Christ the King Holds Us Together


This is the message I preached this morning at Zion Lutheran Church, Baker, WV.
Being a part of our household can be quite an adventure and you just never know where it may lead. Those who know me well know I am not the most graceful or coordinated person. Inanimate objects in our home also suffer the consequences of getting bumped, knocked over, dropped, and sometimes broken. We keep a good supply of duct tape, glue, and other adhesives in stock. Things can be repaired or replaced. Super Glue is a wonderful invention.
But what about our hearts, our emotions, our families, our church? It is not so easy to fix them. Super Glue is fine for things, but what about OUR brokenness?
We all have circumstances we encounter in life. Sometimes it just becomes too much and we feel hopeless. And we wonder where God is in all of it. It just isn’t supposed to happen like that. Parents lose a child. A long marriage dissolves in the pain of divorce. The poet William Butler Yeats expressed this feeling in these words, “…Things fall apart; the centre cannot hold…” (William Butler Yeats, The Second Coming).
            Today is Christ the King Sunday, the last Sunday in the church year. As Americans, we may find it difficult to relate to the idea of a king. Kings aren’t part of our culture like they are in some countries. I would like to focus on the reading from Colossians.
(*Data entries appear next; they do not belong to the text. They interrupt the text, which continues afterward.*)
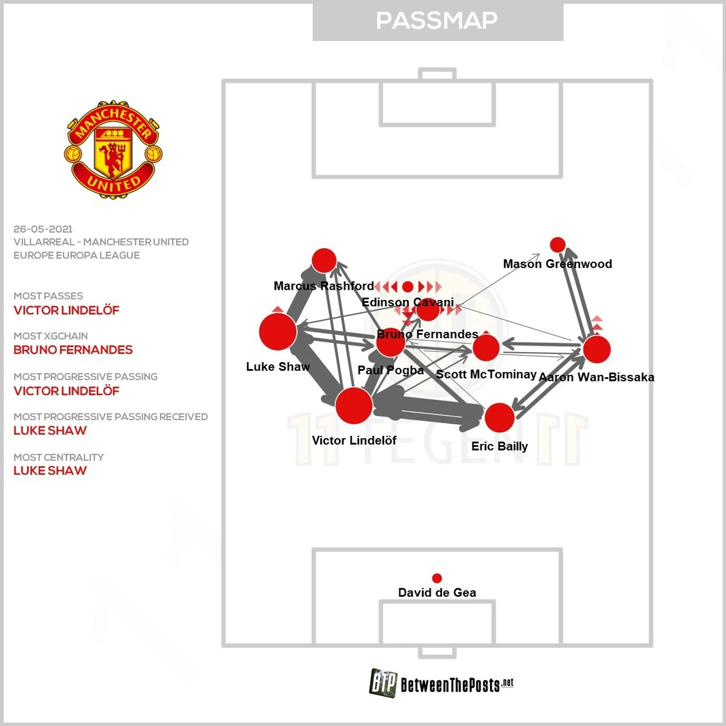 1) Тотальное преимущество левого фланга в интенсивности передач. Рэшфорд - Шоу - Виктор - Погба - Байи - таковая основная пасующая конструкция, остальные от мяча отрезаны. У вас ещё остались вопросы, зачем нам нужен профильный правый полузащитник на фланг? Отметим, что между Виктором - Скотти -Ван-Биссака, именно в таком порядке, очень слабое взаимодействие в передачах. Бруно Фернандеш и Кавани располагаются очень компактно. А Давид не участвует в данном случае в пасующей жизни команды 2) Больше всего передач - Виктор. Много передач Байи или Шоу, Погба. Если на француза то вариантов не было, его или сразу накрывают, либо снова отдать Люку или пас на Скотти, который не самый активный дирижёр и связующее звено, при всех его сильных сторонах . Испанцы отрезали полностью наших атакующих игроков. Не хватало скорости, резкости и забеганий в высвобождающиеся зоны. 3) xGChain - это совокупность таких вещей, как xG (ожидаемые голы) + xA (ожидаемые ассисты) + xGBuildup (процесс построения атак на первых фазах, организуется выход в чужую треть поля). Тут лучший Бруно. Конечно это сильный игрок, но когда впереди все перекрыты...да. Ещё, когда играет Скотти, да и нету Магуайре, приходится глубже опускаться самому за мячом. Порой выпадение оборонительной, но важной единицы, которая может продвигать мяч вперед, сказывается сильно и на атаке. 4) Progressive passes – передача, продвигающая атаку минимум на 10 ярдов к чужим воротам (либо пас в штрафную). Тут выделяется Виктор. И это снова показатель нашего левого фланга, где проводит прекрасный сезон Люк, а Рэшфорд вчера просто упирался в каждого, как в стену. Ну и передачи шведа на Погба. 5) Progressive passing received - на кого шло большее количество передач, которые привели к продвижению атак. Жаль, что у нас нет такой опции на правом фланге, которая может ТАК ЖЕ продвигать атаки к воротам соперника. Это не камень в сторону Ван-Биссаки, так как по карте видно, что игрок ходил вперёд, но кто там его ждёт? Гринвуд. Не стоит вешать на ещё молодого парня ответственность в решении этих задач в финале. Это факт того, что у нас нет нужных деталей на правом фланге, для борьбы в разных ситуациях против парковки среднего и низкого блока. Нет атакующего правого заща и правого флангового полузащитника....жаль. 6) Большая центральность - Люк Шоу. Центральность - Показатель центральности или близости к центру в теории графов и анализе сетей определяет наиболее важные вершины графа. Приложения показателя применяются для выявления наиболее влиятельного лица (лиц) в социальной сети, ключевых узлов инфраструктуры в интернете или городских сетей и разносчиков болезни. Концепции центральности первоначально развивались в анализе социальных сетей и многие термины центральности используются для измерения социологических первоисточников. Не следует путать эти показатели с метриками влияния узлов, которые ищут количественные характеристики влияния каждого узла в сети. Т.е. данный показатель уверяет нас в том, что Шоу, в данном матче - это была матрица, связующее звено. Чувствуется перегруз левого фланга и полуфланга. Твой соперник уже понимает, где ему стоит обороняться тщательнее и кого накрывать персонально...такое мы уже видим последние лет 8.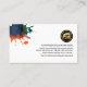 Overleaf, in a white cover with paint splatter, details are over on the right side of the card. At the top is a gold home landscape logo you can use followed by your prestigious name, the contact details and a slogan caption option.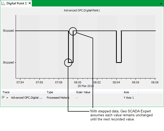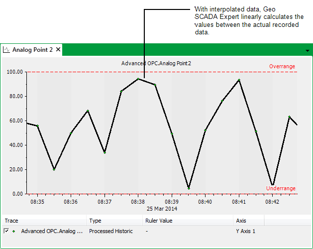When zooming in to display a very small time scale on a Trend, such as 60 seconds, only a few raw data values might be visible at such a scale. With a trace that uses processed data, Geo SCADA Expert will linearly interpolate between the raw values, to produce a trace that includes both interpolated (calculated) values as well as the actual values that were reported or read from plant.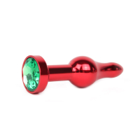 Анальная пробка металлическая JEWELRY красная L 10,3 см D 2,8 см с зеленым кристаллом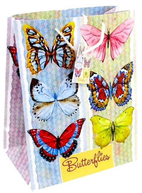Пакет бумажный Тропические бабочки 26х32,4х12,7см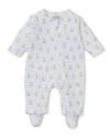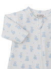 A sweet everyday essential with boutique softness. This cozy jacquard footie is covered in tiny blue teddy bears and finished with a gentle quilted texture that feels extra plush against baby’s skin. The asymmetrical zipper makes late-night changes quick and quiet, while the built-in feet keep little toes warm from stroller to bedtime. A classic baby-blue piece that always photographs beautifully and makes an easy gift for new arrivals.

            It begins as a prayer for the Colossians and I believe it is one we can claim for ourselves as well. We may feel weak as individuals, as a church. We may wonder where all this will end? Hear this good news:
 11 May you be made strong with all the strength that comes from his glorious power, and may you be prepared to endure everything with patience, while joyfully 12 giving thanks to the Father, who has enabled you to share in the inheritance of the saints in the light.

            This strength comes from God’s glorious power, which never refers to simply human power in the New Testament. It is God’s power that strengthens us, not our own. God has prepared us to endure.
            This life can be a struggle for us. But in Christ, we have an inheritance. We are children of God and our God has given us a great heritage.
Following the prayer, we are shown just who this Jesus is that we follow. He is our redeemer, the one who has delivered us from “sin, death, and the power of the devil” as Luther wrote in the Small Catechism. He has set us free.
            Jesus is also creator of all things in heaven and earth, seen and unseen. The emphasis throughout the passage is on what God has done, not on what we have to do.
            Jesus is first—the firstborn of all creation, the firstborn from the dead, first place in everything. As one theologian says, “He is first in priority, before all things…first in importance, beyond all things…first in rank, above all things… first in origin, source of all things…first in order, ahead of all things…”  (Audrey L. S. West, New Proclamation). This isn’t saying, “My Savior’s better than yours,” but rather nothing exists anywhere outside of Christ’s domain.
            Now as wonderful as all this is it gets better. Do any of you remember hearing in science class about “cosmic glue”? It is that invisible substance that holds the worlds together. According to an article I read, now there is even a race among scientists to detect traces of this invisible cosmic glue. As Christians, we already know what this cosmic glue is. It is Jesus Christ, the creator of the universe. Jesus not only creates and redeems us, but holds all of creation and us together.
Have you ever seen old photo albums where the pictures were glued onto the pages? What happens over time? The glue dries, the pictures drop off, and everything is all mixed up. It’s a mess. Thankfully, Jesus isn’t like that. Jesus, the cosmic super glue does not dry up, die, or fail. He continues forever to hold all things together. Christ brings creation and us to be in a “condition of [unity to] continue, [to] endure, [to] exist, and hold together" (BDAG).
There have been times in my life when I was desperate--when my family was having financial difficulties, when I had a knee injury and was out of work for a year. I didn’t know how I would cope, how I would go on. Jesus held me together. He held my family together. It’s like the old song says, “He’s got the whole world in his hands…”
            That’s nice, but what is God’s objective in all of this? The heart of everything is summed up in the final verse, “through him God was pleased to reconcile to himself all things, whether on earth or in heaven, by making peace through the blood of his cross.”
            There is hope for us because of who Jesus is and what he has done. This is just the time we need to celebrate Christ the King and his reign in our lives.
            Listen to the way The Message  translation expresses our hope:
He was supreme in the beginning and—leading the resurrection parade—he is supreme in the end. From beginning to end he's there, towering far above everything, everyone. So spacious is he, so roomy, that everything of God finds its proper place in him without crowding. Not only that, but all the broken and dislocated pieces of the universe—people and things, animals and atoms—get properly fixed and fit together in vibrant harmonies, all because of his death, his blood that poured down from the cross.
            Let us pray:
            Christ our King, we bring our brokenness to you. As the glue that holds everything together, we ask you to fix and heal us. Fit us together in vibrant harmonies of your love and use us to your glory. Amen.